A verbatim repeat of the lines below is required, with the pictures removed.

━━ RECORDS FOR PROCESSING ━━

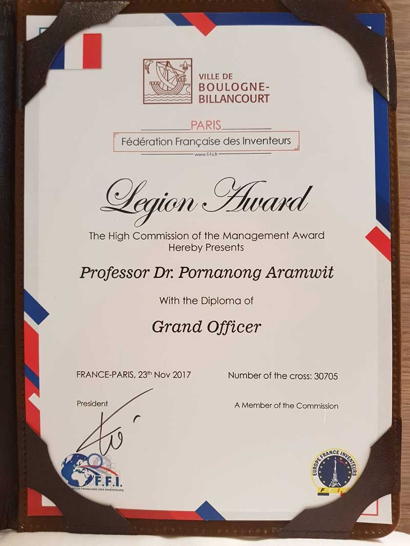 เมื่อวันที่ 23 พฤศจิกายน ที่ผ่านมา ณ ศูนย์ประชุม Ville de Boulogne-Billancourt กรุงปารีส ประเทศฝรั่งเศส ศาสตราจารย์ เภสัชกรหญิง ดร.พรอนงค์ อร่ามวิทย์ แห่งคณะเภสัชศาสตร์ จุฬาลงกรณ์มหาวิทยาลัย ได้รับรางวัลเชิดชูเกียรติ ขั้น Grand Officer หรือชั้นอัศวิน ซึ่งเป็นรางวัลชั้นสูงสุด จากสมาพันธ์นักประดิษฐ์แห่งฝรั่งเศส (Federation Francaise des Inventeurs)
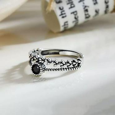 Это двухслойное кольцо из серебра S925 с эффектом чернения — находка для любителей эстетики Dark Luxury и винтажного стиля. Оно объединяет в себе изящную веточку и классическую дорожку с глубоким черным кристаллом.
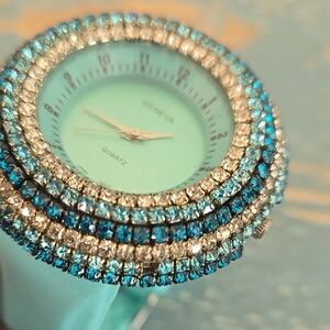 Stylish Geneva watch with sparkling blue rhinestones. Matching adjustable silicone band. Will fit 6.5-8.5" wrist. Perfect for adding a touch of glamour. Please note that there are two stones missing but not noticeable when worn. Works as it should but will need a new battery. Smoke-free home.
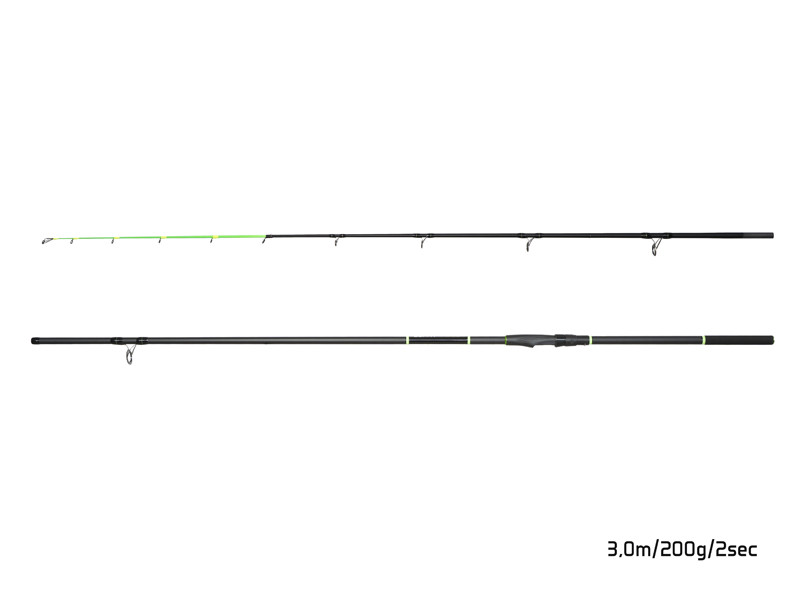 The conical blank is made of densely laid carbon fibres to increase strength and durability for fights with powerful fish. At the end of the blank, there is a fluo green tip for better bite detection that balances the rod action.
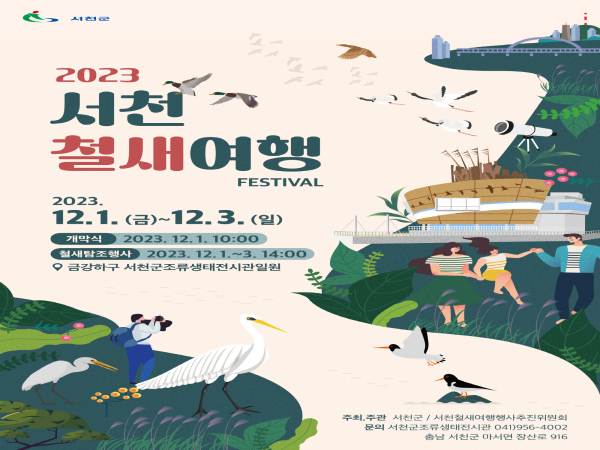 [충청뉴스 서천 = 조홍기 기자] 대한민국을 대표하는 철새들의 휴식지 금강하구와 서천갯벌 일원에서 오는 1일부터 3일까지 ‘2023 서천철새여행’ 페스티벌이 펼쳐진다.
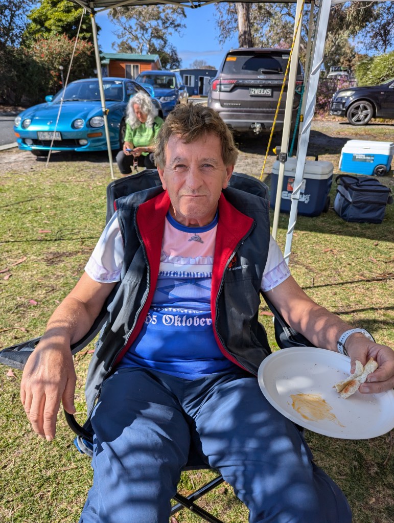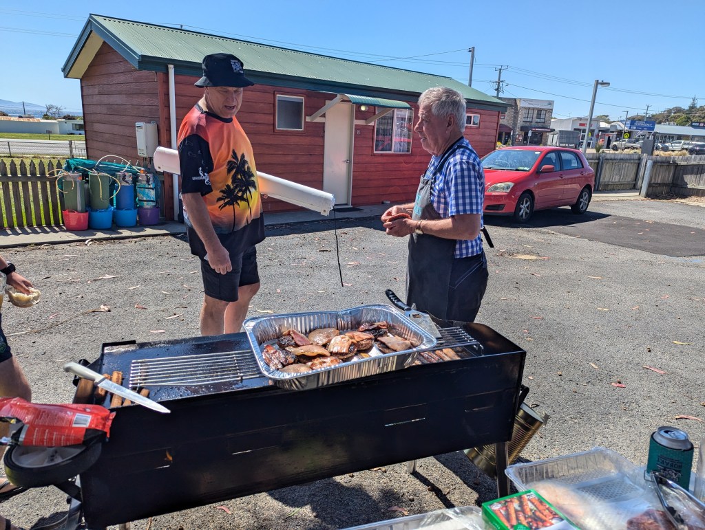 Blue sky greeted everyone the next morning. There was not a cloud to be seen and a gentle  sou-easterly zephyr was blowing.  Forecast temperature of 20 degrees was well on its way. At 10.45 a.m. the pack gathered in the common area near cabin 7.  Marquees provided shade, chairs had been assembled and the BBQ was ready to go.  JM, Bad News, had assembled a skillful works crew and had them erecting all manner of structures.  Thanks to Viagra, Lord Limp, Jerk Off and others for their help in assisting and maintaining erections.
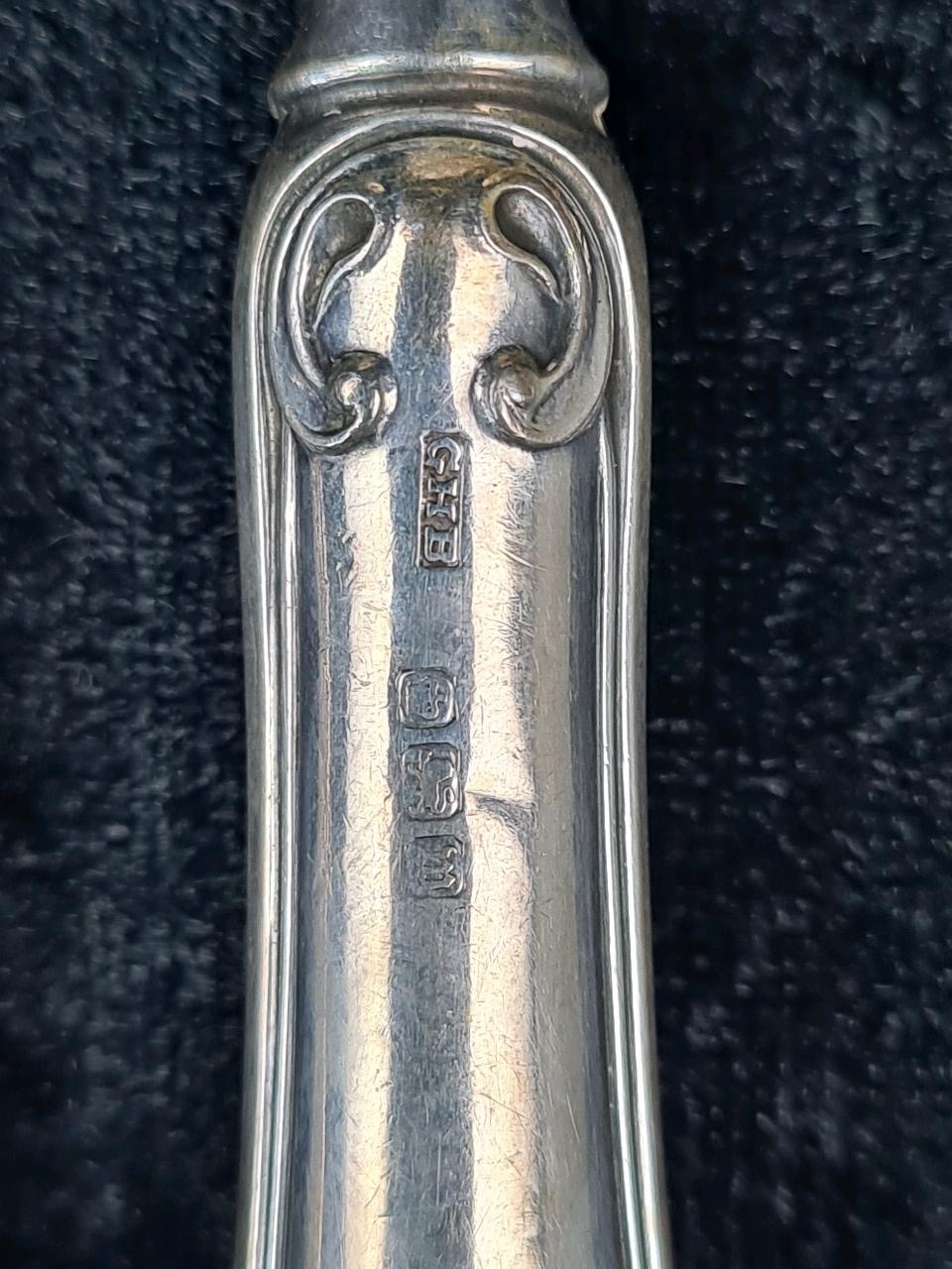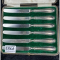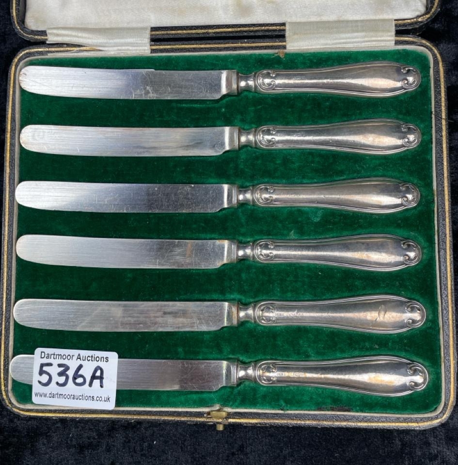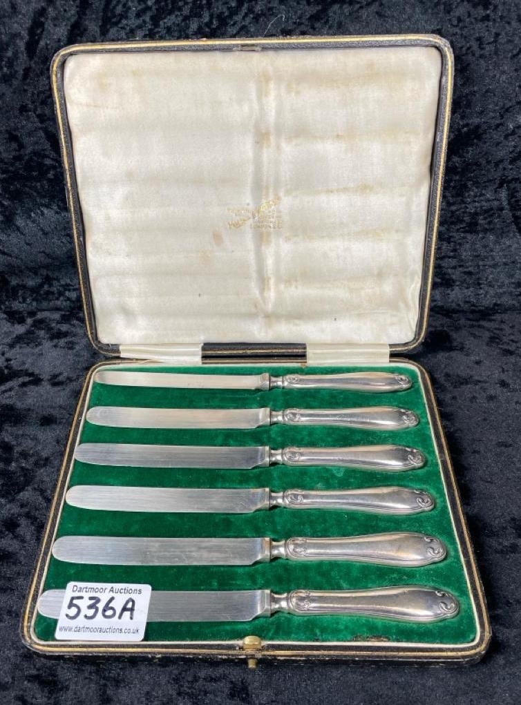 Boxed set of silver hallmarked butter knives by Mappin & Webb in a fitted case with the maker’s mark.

━━━

• [WRITTEN RESPONSE]:
 เมื่อวันที่ 23 พฤศจิกายน ที่ผ่านมา ณ ศูนย์ประชุม Ville de Boulogne-Billancourt กรุงปารีส ประเทศฝรั่งเศส ศาสตราจารย์ เภสัชกรหญิง ดร.พรอนงค์ อร่ามวิทย์ แห่งคณะเภสัชศาสตร์ จุฬาลงกรณ์มหาวิทยาลัย ได้รับรางวัลเชิดชูเกียรติ ขั้น Grand Officer หรือชั้นอัศวิน ซึ่งเป็นรางวัลชั้นสูงสุด จากสมาพันธ์นักประดิษฐ์แห่งฝรั่งเศส (Federation Francaise des Inventeurs)
 Это двухслойное кольцо из серебра S925 с эффектом чернения — находка для любителей эстетики Dark Luxury и винтажного стиля. Оно объединяет в себе изящную веточку и классическую дорожку с глубоким черным кристаллом.
 Stylish Geneva watch with sparkling blue rhinestones. Matching adjustable silicone band. Will fit 6.5-8.5" wrist. Perfect for adding a touch of glamour. Please note that there are two stones missing but not noticeable when worn. Works as it should but will need a new battery. Smoke-free home.
 The conical blank is made of densely laid carbon fibres to increase strength and durability for fights with powerful fish. At the end of the blank, there is a fluo green tip for better bite detection that balances the rod action.
 [충청뉴스 서천 = 조홍기 기자] 대한민국을 대표하는 철새들의 휴식지 금강하구와 서천갯벌 일원에서 오는 1일부터 3일까지 ‘2023 서천철새여행’ 페스티벌이 펼쳐진다.
 Blue sky greeted everyone the next morning. There was not a cloud to be seen and a gentle  sou-easterly zephyr was blowing.  Forecast temperature of 20 degrees was well on its way. At 10.45 a.m. the pack gathered in the common area near cabin 7.  Marquees provided shade, chairs had been assembled and the BBQ was ready to go.  JM, Bad News, had assembled a skillful works crew and had them erecting all manner of structures.  Thanks to Viagra, Lord Limp, Jerk Off and others for their help in assisting and maintaining erections.
 Boxed set of silver hallmarked butter knives by Mappin & Webb in a fitted case with the maker’s mark.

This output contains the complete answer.